§ Dataset entries
== == ==

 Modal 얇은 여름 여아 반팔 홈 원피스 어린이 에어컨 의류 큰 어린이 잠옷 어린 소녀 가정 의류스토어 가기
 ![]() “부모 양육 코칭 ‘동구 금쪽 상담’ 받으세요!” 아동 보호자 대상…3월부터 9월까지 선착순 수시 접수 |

== == ==

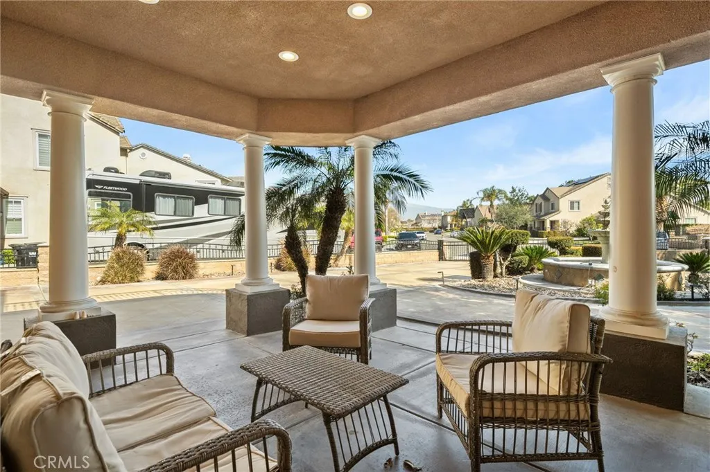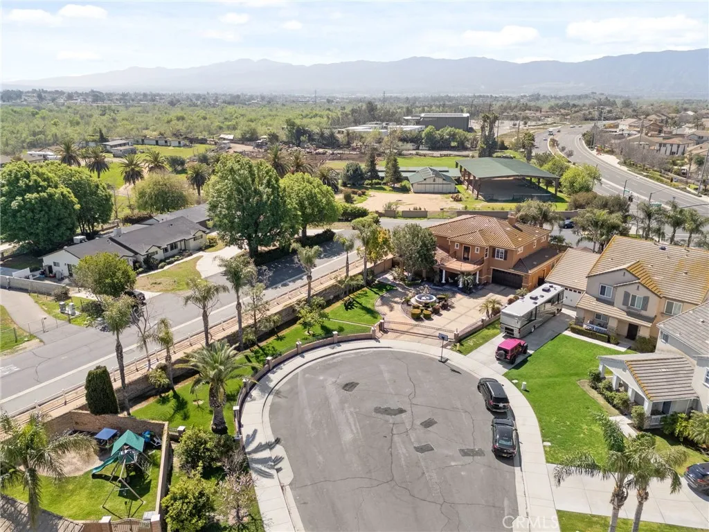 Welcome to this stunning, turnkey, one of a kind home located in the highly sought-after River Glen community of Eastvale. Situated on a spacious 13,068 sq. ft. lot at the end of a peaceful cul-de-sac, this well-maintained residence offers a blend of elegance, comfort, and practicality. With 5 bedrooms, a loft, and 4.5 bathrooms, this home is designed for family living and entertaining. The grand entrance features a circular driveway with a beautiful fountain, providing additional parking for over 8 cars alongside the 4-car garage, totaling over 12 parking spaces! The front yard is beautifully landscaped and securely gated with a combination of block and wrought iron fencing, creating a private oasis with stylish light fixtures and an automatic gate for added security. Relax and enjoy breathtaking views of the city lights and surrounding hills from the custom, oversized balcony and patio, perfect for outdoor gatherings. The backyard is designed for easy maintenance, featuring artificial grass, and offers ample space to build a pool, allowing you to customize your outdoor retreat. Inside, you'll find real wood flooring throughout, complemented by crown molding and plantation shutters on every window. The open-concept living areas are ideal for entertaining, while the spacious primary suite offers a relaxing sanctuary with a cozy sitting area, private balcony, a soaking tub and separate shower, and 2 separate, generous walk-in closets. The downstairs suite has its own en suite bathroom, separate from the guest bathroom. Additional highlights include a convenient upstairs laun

== == ==

§ Exercise instructions
From the material above, copy exactly the lines between the line holding "Modal 얇은 여름" and the line holding "선착순 수시 접수 |", inclusive, and only those.

§ Final answer
 Modal 얇은 여름 여아 반팔 홈 원피스 어린이 에어컨 의류 큰 어린이 잠옷 어린 소녀 가정 의류스토어 가기
 ![]() “부모 양육 코칭 ‘동구 금쪽 상담’ 받으세요!” 아동 보호자 대상…3월부터 9월까지 선착순 수시 접수 |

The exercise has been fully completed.